The helm at Qantas Airways was taken over by Alan Joyce over five years ago. He was tasked with turning the flag carrier for Australia around, which at the time was losing large sums of money on international routes. Now, the son of an Irish cleaner is facing another problem, a domestic company under attack from its rival that has loads of cash from investors that are state-backed.
Qantas’ main rival Virgin Australia Holdings is willing, it appears, to suffer short-term pains regarding profit in its attempt to lure away customers from its bigger rival.
The strategy by Joyce of defending to the end a 65% share of the domestic market by increasing capacity and discounting tickets has come at a big price.
In a perfect world for Qantas if they could hold off competition for as long as possible Virgin at some point might blink. That in turn has led some observers to question if the problem could be the CEO and the management itself at Qantas.
From the point of view of an industry, some analysts have said that Qantas must be more flexible in ceding some of its market share.

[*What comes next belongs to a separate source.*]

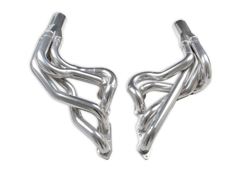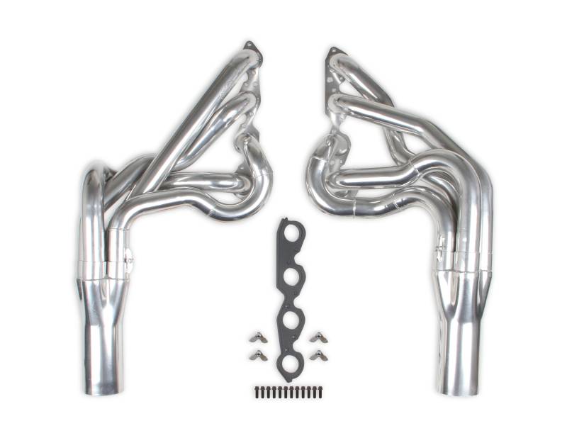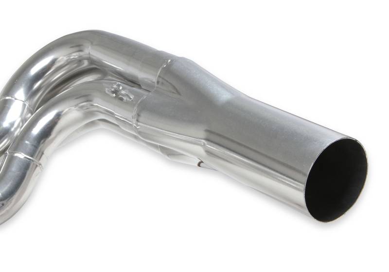 Hooker Adjustable race headers allow you to change your header primary tube lengths, collector lengths and diameters and collector types (Classic 4 into 1, Merged and Split-Flow). By altering the relationship between the primary length and collector diameter and length it is possible to increase or decrease the torque and horsepower output at any specific R.P.M. level. For a slick track the header primaries or collectors can be shortened to decrease the low end torque for better traction. Larger diameter collectors will also reduce low end torque. On a good track with lots of bite, extending the primaries or collectors will pick up bottom end power for a harder launch and awesome e.t.'s. Smaller collector diameters will also increase low end torque. Hooker adjustable headers have taken more Pro Stock drivers to the championship than any other brand.

On Thursday, the challenges facing the airline will be put on the table for all to see, when it releases the first half fiscal results. The company has already announced a warning that losses for the six months ending December 31 could be as high as $271 million.
The warning came as a shock in December and sent its shares plummeting 15% helping it lose its rating of investment grade.
An airline spokesperson referred to the recent remarks by Gareth Evans the CFO, who said in keeping the market share of 65% allowed the airline to maximize profits by giving more destinations and times of travel to customers. The spokesperson said that CEO Joyce held the same opinion currently.
Rival Virgin Australia, formerly a discount carrier added seating for business class and increased routes to smaller destinations in the west, where each week people fly to work in the remote mines.